High Performance Design is Gaining Momentum
A good web application is only considered when it has a best response time and scalability.
1 Response Time
Response time is considered as the time taken by web application to process the request and return the response. Applications with high response time are considered as Non-performing or degraded.
Web application is said to be scalable if by adding more hardware, application can linearly take more requests than before. Two ways of adding more hardware are:
- Scaling Up (vertical scaling): Increasing the number CPUs or adding faster CPUs on a single box.
- Scaling Out (horizontal scaling): Increasing the number of boxes.
2.1 Scaling Up Vs Scaling Out
Scaling out is considered more important as commodity hardware is cheaper compared to cost of special configuration hardware (super computer). But increasing the number of requests that an application can handle on a single commodity hardware box is also important. An application is said to be performing well if it can handle more requests with-out degrading response time by just adding more resources.
2.2 Response time Vs Scalability
Response time and Scalability don’t always go together i.e. application might have acceptable response times but may not handle more than certain number of requests or application can handle increasing number of requests but has poor or long response times. We have to strike a balance between scalability and response time to get good performance of the application.
2.3 Capacity Planning
Capacity planning is an exercise of figuring out the required hardware to handle expected load in production. Usually it involves figuring out performance of application with fewer boxes and based on performance per box projecting it. Finally verifying it with load/performance tests.
2.4 Scalable Architecture
Application architecture is scalable if each layer in multi layered architecture is scalable (scale out). For example :–
As shown in diagram below we should be able linearly scale by add additional box in Application Layer or Database Layer.
2.5 Scaling Load Balancer
Load balancers can be scaled out by point DNS to multiple IP addresses and using DNS Round Robin for IP address lookup. Other option is to front another load balancer which distributes load to next level load balancers.
Adding multiple Load balancers is rare as a single box running nginx or HAProxy can handle more than 20K concurrent connections per box compared to web application boxes which can handle few thousand concurrent requests. So a single load balancer box can handle several web application boxes.
2.6 Scaling Database
Scaling database is one of the most common issues faced. Adding business logic (stored procedure, functions) in database layer brings in additional overhead and complexity.
RDBMS database can be scaled by having master-slave mode with read/writes on master database and only reads on slave databases. Master-Slave provides limited scaling of reads beyond which developers has to split the database into multiple databases.

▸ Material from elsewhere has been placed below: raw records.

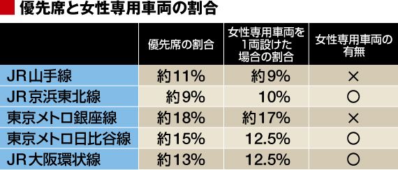 「婦人専用車両」が導入された100年前とは異なり、今、女性と男性は、電車、職場、学校を共有しています。だからこそ、少なくとも優先席と同程度には、女性専用車両の必要性が認められるべきだと思うのです。下の表に見るように、実は量的にも、1編成の電車の総座席数に占める優先席の比率は、女性専用車両の座席数の比率とほぼ同じ。お年寄りに席を譲るのと同じ気持ちで、女性専用車両を認めるべきではないでしょうか。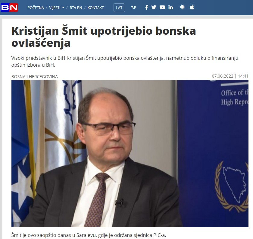 Naime, iako Republika Srpska zvanično ne priznaje Kristijana Šmita za visokog predstavnika, za BN portal to ne važi. Milioni su ipak draži od odanosti narodu i narodnoj volji.
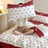 Juego de Cama Doble de Cuatro Piezas de Algodón Puro Bordado Estilo Nórdico Lindo Juego de Cama de Tres Piezas de Lunares Venta al por Mayor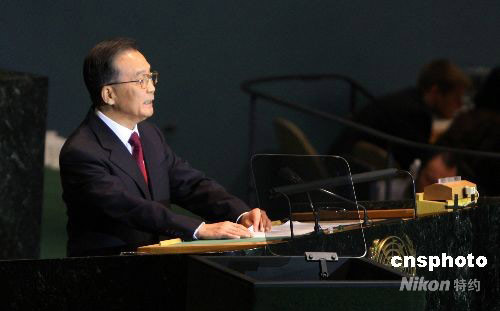 圖:溫家寶在千年發(fā)展目標(biāo)高級別會議上發(fā)表演講
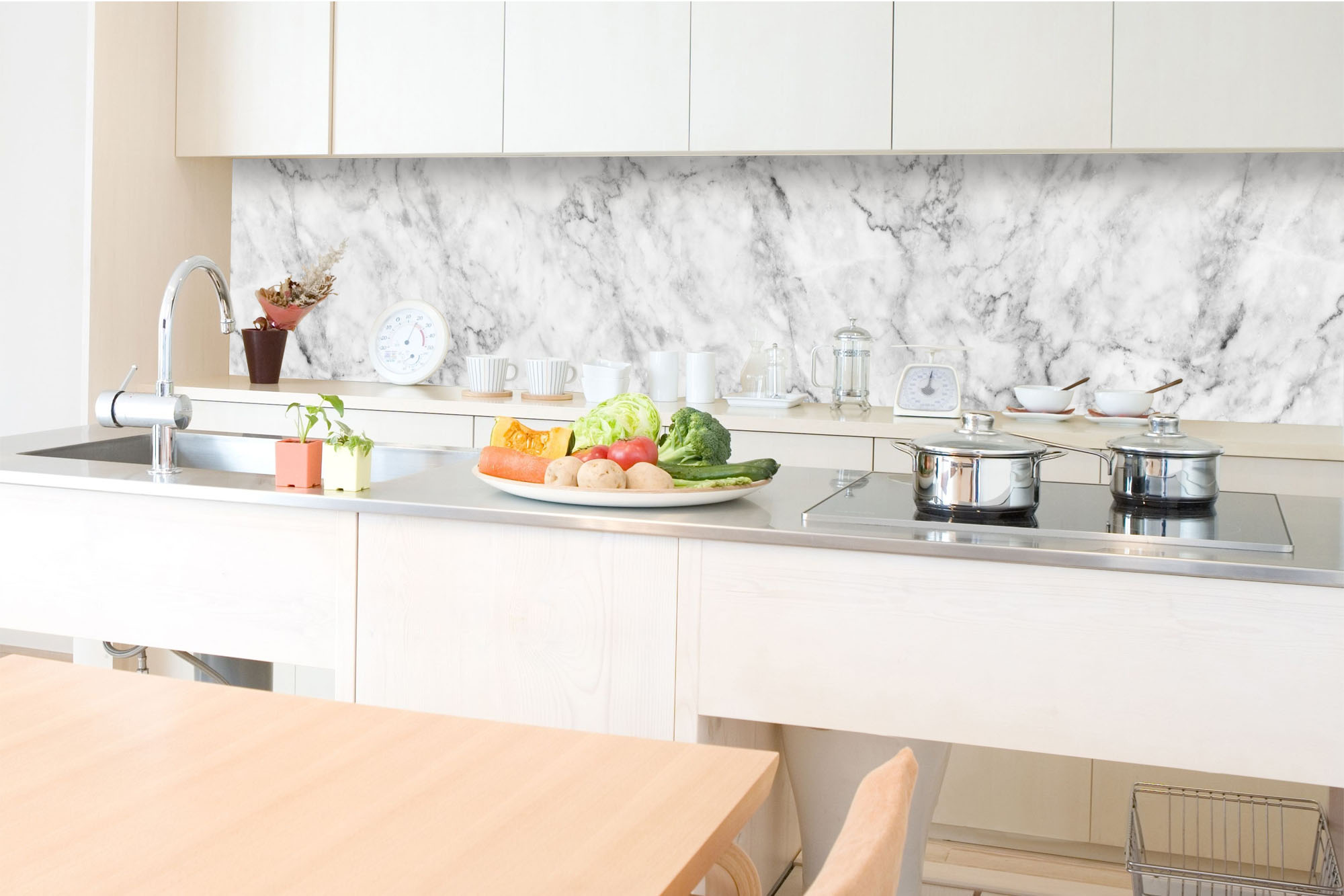 Küchenrückwandfolie lässt sich ausschließlich auf die nicht-saugfähige Unterlage kleben (Glas, Holz, keramische Fließen).

CAP Theorem has shown that is not possible to get Consistency, Availability and Partition tolerance simultaneously. NoSql databases usually compromise on consistency to get high availability and partition.
2.6.3 Splitting database
Database can be split vertically (Partitioning) or horizontally (Sharding).
- Vertically splitting (Partitioning): Database can be split into multiple loosely coupled sub-databases based of domain concepts. Eg:– Customer database, Product Database etc. Another way to split database is by moving few columns of an entity to one database and few other columns to another database. Eg:– Customer database , Customer contact Info database, Customer Orders database etc.
- Horizontally splitting (Sharding): Database can be horizontally split into multiple database based on some discrete attribute. Eg:– American Customers database, European Customers database.
Transiting from single database to multiple database using partitioning or sharding is a challenging task.
3 Architecture bottlenecks
Scaling bottlenecks are formed due to two issues:
- Centralized component: A component in application architecture which cannot be scaled out adds an upper limit on number of requests that entire architecture or request pipeline can handle.
- High latency component: A slow component in request pipeline puts lower limit on the response time of the application. Usual solution to fix this issue is to make high latency components into background jobs or executing them asynchronously with queuing.
3.1 CPU Bound Application
An application is said to be CPU bound if application throughput is limited by its CPU. By increasing CPU speed application response time can be reduced.
Few scenarios where applications could be CPU Bound
- Applications which are computing or processing data without performing IO operations. (Finance or Trading Applications)
- Applications which use cache heavily and don’t perform any IO operations
- Applications which are asynchronous (i.e. Non Blocking), don’t wait on external resources. (Reactive Pattern Applications, NodeJS application)
In the above scenarios application is already working in efficiently but in few instances applications with badly written or inefficient code which perform unnecessary heavy calculations or looping on every request tend to show high CPU usage. By profiling application it is easy to figure out the inefficiencies and fix them.
These issues can be fixed by
- Caching precomputed values
- Performing the computation in separate background job.